Meaning of Absolute Value
The prior explanation refers that the absolute value is the distance of a figure from zero on a number line. Hence, if you consider it, the absolute value is the distance or length a figure has from zero. You can visualize it if you take a look at a real number line:
As you can see, the absolute value of a figure is the length of the number is from zero on the number line. The absolute value of negative five is 5 reason being it is 5 units away from zero on the number line.
Examples
If we graph negative three on a line, we can observe that it is 3 units apart from zero:
The absolute value of -3 is 3.
Well then, let's check out one more absolute value example. Let's say we hold an absolute value of 6. We can plot this on a number line as well:
The absolute value of 6 is 6. Hence, what does this refer to? It shows us that absolute value is constantly positive, even though the number itself is negative.
How to Calculate the Absolute Value of a Number or Figure
You should know a couple of points before working on how to do it.
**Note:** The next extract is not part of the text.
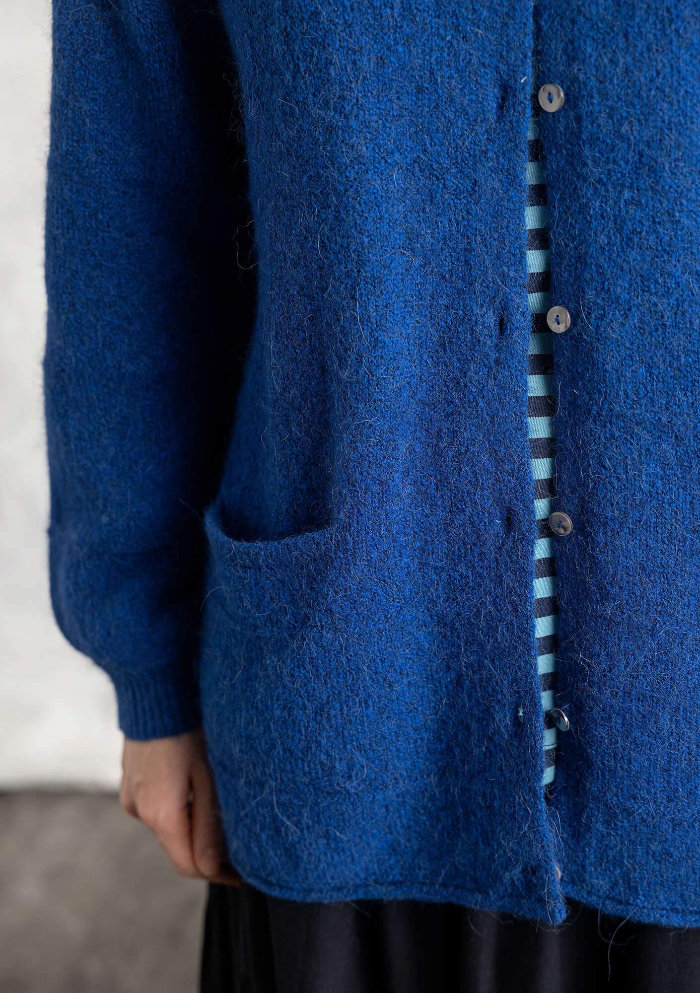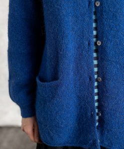 - Solid-colored cardigan with simple, textured-knit stripes. A-line and slightly longer style. Long, elegant puff sleeves with elastic cuffs. Mother-of-pearl buttons and pockets.Size and Measurement

A couple of closely related features will support you understand how the expression inside the absolute value symbol works. Thankfully, here we have an meaning of the following 4 rudimental features of absolute value.
Basic Properties of Absolute Values
Non-negativity: The absolute value of any real number is constantly positive or zero (0).
Identity: The absolute value of a positive number is the number itself. Otherwise, the absolute value of a negative number is the non-negative value of that same number.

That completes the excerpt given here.